In this study, logistic regression analysis based on CT texture parameters showed that WavEnHL_s-1 and Perc.01% were independent influencing factors to distinguish PSP from APLC. Perc.01% is derived from the grey-level histogram, which indicates the average grey value within a 1% voxel interval from the left side of the histogram. Yue et al. [23] conducted a CT texture analysis study and found that compared with colorectal adenocarcinoma, Perc.01% is more common in signet-ring cell carcinoma, which may be related to the tiny necrotic area in signet-ring cell carcinoma lesions.

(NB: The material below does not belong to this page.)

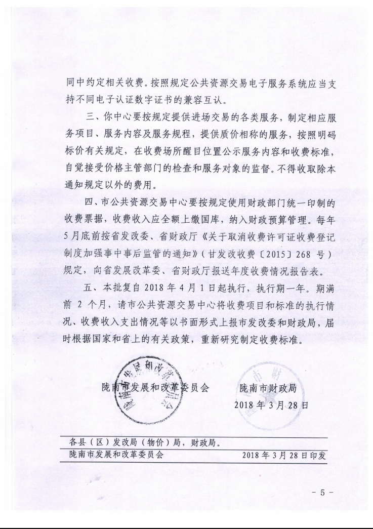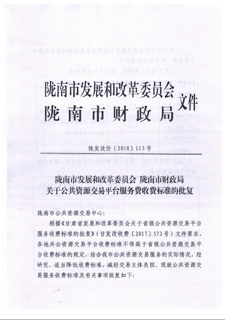 隴南市發(fā)展和改革委員會(huì) 隴南市財(cái)政局關(guān)于公共資源交易平臺(tái)服務(wù)費(fèi)收費(fèi)標(biāo)準(zhǔn)的批復(fù)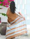 Striped Handloom Cotton Blend Saree (Beige, White)

In this study, the Perc.01% value of PSP was higher than that of APLC, and the difference was statistically significant, which may indicate that there were relatively fewer areas of haemorrhage and necrosis with low grey values ​​in PSP lesions. WavEnHL_s-1 is derived from wavelet transform, which can detect possible structures in the image, especially fine structural details that cannot be detected by the naked eye. Features based on wavelet transform can amplify the subtle changes in intensity between regions and represent the unevenness of intensity within the region. The larger the value is, the more uneven the density of the CT image [24]. Zhang et al. [25] performed a radiomics study of CT images and reported that WavEnLH_s-3 is an independent influencing factor to distinguish focal organizing pneumonia from peripheral lung adenocarcinoma. In this study, the WavEnLH_s-1 value of PSP was higher than that of APLC, and the difference was statistically significant, suggesting that there may be a large difference in the density uniformity of CT images between the two groups. Compared with model A, the classification accuracy of model B based on CT texture parameters was improved slightly to 0.70 ± 0.06.

Traditional imaging examination combined with texture analysis has advantages in identifying difficult lesions. Zhang et al. [26] further improved the differential diagnostic ability of mass-forming pancreatitis and cancer in the pancreatic head by constructing an enhanced CT combined texture analysis model. In this study, the classification accuracy of model C based on image features combined with texture parameters was significantly improved, which was 0.84 ± 0.04. This result was similar to the above study, suggesting that enhanced CT combined with texture analysis may be a new auxiliary method to distinguish PSP from APLC before surgery.

There are several limitations in this study. First, this is a feasibility study on the identification of PSP and APLC with enhanced CT combined with texture analysis. The sample size is limited. In the future, cooperation with other medical centres is needed to expand the sample size and conduct external verification. Second, using manual methods to outline ROIs, there is a certain degree of subjectivity and nonreplicability. Third, we only performed texture analysis on the largest layer of the axial image of the lesion, and did not analyse all layers of the tumour. However, a study showed that two-dimensional texture analysis gave sufficient results, although multi-slice volume analysis may be more representative of tumours [27]. We believe that it is more convenient to use the two-dimensional level to perform texture analysis, which is conducive to extensive clinical applications. Finally, the prediction model constructed in this study is only applicable when PSP and APLC are highly suspected in clinical practice, and the clinical application scenarios are limited. Next, we will increase the applicability of the model by including more types of lung masses.

Conclusions

Enhanced CT combined with texture analysis had good diagnostic value for distinguishing PSP and APLC and could become a useful supplement to routine imaging and pathological diagnosis.